In this section, we will evaluate the effectiveness of the location positioning of the model in the chest disease detection task. We used the CAM method to build a thermal map for each disease category of each sample and visualize the most exciting area with the maximum response of the chest X-ray image, which is also the disease area predicted by the model. Figure 6 shows the comparison between the output by our model and the bounding box labeled given by doctors. Our network can preliminarily locate the disease area in a chest X-ray image by enlarging the response value of the target area in the feature map. The predicted disease area (red) is very close to the real lesion labeled area (green boundary box) from the perspective of visual evaluation. As shown in Fig. 6, our method expands the area with cardiac hypertrophy symptoms and provides more information for clinicians. Both sides of the chest X-ray with invasive pulmonary tuberculosis in the figure have this symptom. In contrast, each image in the dataset has only one disease boundary box, so the annotation ignored some boundary boxes of the same disease. Our approach gives a remedy so that we do not ignore any suspicious symptoms. Besides, the proposed model can still accurately identify and locate small target diseases such as masses and pneumonia. The final prediction of our model can provide potential candidate areas for further examination in clinical practice. Our model does not use any samples with boundary box labels during the training, which means that our model only uses the samples with category labels to achieve the preliminary positioning of chest diseases. This weakly supervised target detection diminishes the workload for labeling the disease boundary box. Simultaneously, the heat map generated by the model shows a promising ability to locate the disease area and can be widely used in clinical practice when lacking annotation information.

6 Conclusion

This paper proposes the BAW loss that solves the problem of class imbalance and avoids the over-fitting of noisy labels.

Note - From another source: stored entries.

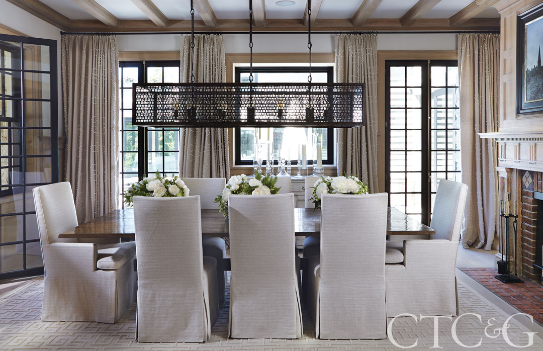 In the dining room, a Gregorius Pineo hanging lantern, table and chairs create an inviting vignette atop a geometric wool rug through HB Home. Drapery fabric is through Zimmer + Rohde.
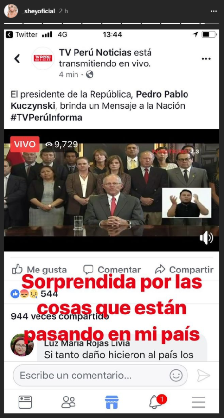 Instagram: Sheyla Rojas y su reacción tras renuncia de PPK
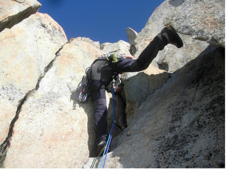 Per neve si giunge alla base del salto finale 100m ca di ottima roccia sul lato sud est della guglia dove sono concentrate le massime difficolta’ dell’itinerario qui descritto (un passo di IV) 1ora.
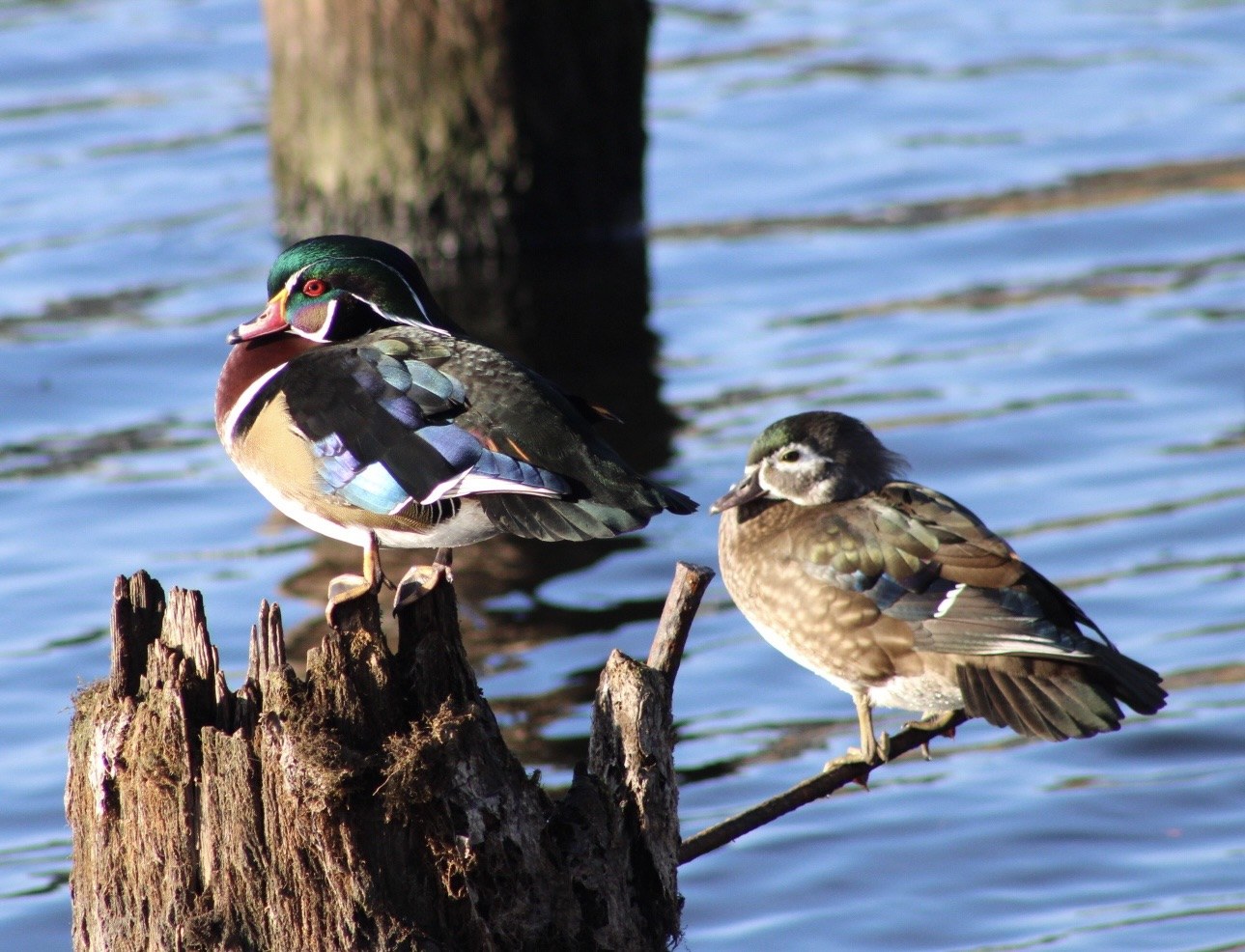 Good collection of ducks today. A pair of bald eagles, a handful of swans and one single turtle head breaking through the surface of the lake.

Specifically, BAW uses the information of known samples to calculate weights for each category, and to guide the direction of network optimization for the next batch training. BAW is easy-to-implement and can be extended to various deep networks. First of all, this paper uses Cifar10 to simulate imbalanced classes and noisy labels. It is proved that BAW performs better with tough situation of noisy labels and class imbalance.

Besides, we also propose ChestNet, which is used to test our BAW loss in the large-scale medical dataset ChestX-ray14. The result shows that BAW is quite robust in real data.